Storyboard & reel timing¶
A storyboard is the creative seed of a reel: an ordered list of cards,
each a short on-screen line with its narration, palette roles, and (for overlay
cards) a media panel. It is the main human input — hand-authored or AI-drafted,
then human-edited — so keryx validates it loudly and renders deterministically
from it. The model and maths are a faithful port of the blog gen-reel.py
(spec §3.1).
Card schema¶
storyboard.json is a JSON array of cards:
| Field | Meaning |
|---|---|
text |
the on-screen line (a tight distillation; \n forces a break). *word* marks accent words. |
vo |
the narration — distinct from text: may be fuller and carry provider control tags (SSML <break>, phonetic spellings). |
bg / fg / accent |
palette roles.
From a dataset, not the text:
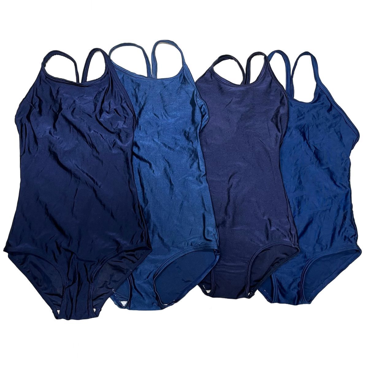 40【整理品リサイクル】ネイビーパイピング4枚セット女子競泳水着(150~L)★光沢濃紺ネイビー★ゴールドウィン日本被服工業

Mode-dependent: block uses all three; overlay ignores bg. |
dur |
fallback on-screen seconds, used only when no VO drives timing. |
cover / mono |
bookend cover art / monospace URL closer. |
mode |
block (default) or overlay (full-bleed media + scrim + line). |
scene |
overlay illustration prompt (required for a generated overlay card). |
media |
resolved panel {kind: image\|video, source: generated\|uploaded, path}. |
voice |
per-card voice override (e.g. steadying a line with stability). |
The on-screen text and the vo narration are kept as separate fields — the
batch proved they want different phrasing.
Validation¶
Loaded storyboards are validated; the same findings back the CLI exit 2, the
API 422, and the studio inline checks:
- MUST non-empty
text(R-WS-9); overlay cards have asceneor supplied media (R-WS-10); balanced*markers (R-WS-11); palette roles reference defined keys, mode-aware (R-WS-12). - SHOULD the last card is the mono URL closer (
R-WS-13);bgon an overlay card warns (inert). Cover-card art availability is checked at render time (R-WS-14).
VO-driven timing¶
Narration drives pacing. Each card's on-screen duration is its VO clip length +
a lead (≈0.5s) + tail (≈0.7s); cards crossfade (xfade ≈0.4s). For card
i:
start_i = Σ dur[:i] − i·xfade
vo_delay_i = (start_i + lead) # the VO is placed here
total = Σ dur − (n−1)·xfade
The music bed is later requested at this computed total, not a hand-set
value. The maths is pure and unit-tested (internal/reel), with the renderer
supplying real durations (from ffprobe) and font metrics.
Text rendering¶
- Orphan control: wrapping never leaves a lone trailing word — it pulls one word down from the line above (a flagged defect in the first batch).
- Accents:
*word*tokens render in the accent colour; markers are stripped before measurement. (Parity quirk: in a multi-word*no one safer*only the first/last tokens are accented.)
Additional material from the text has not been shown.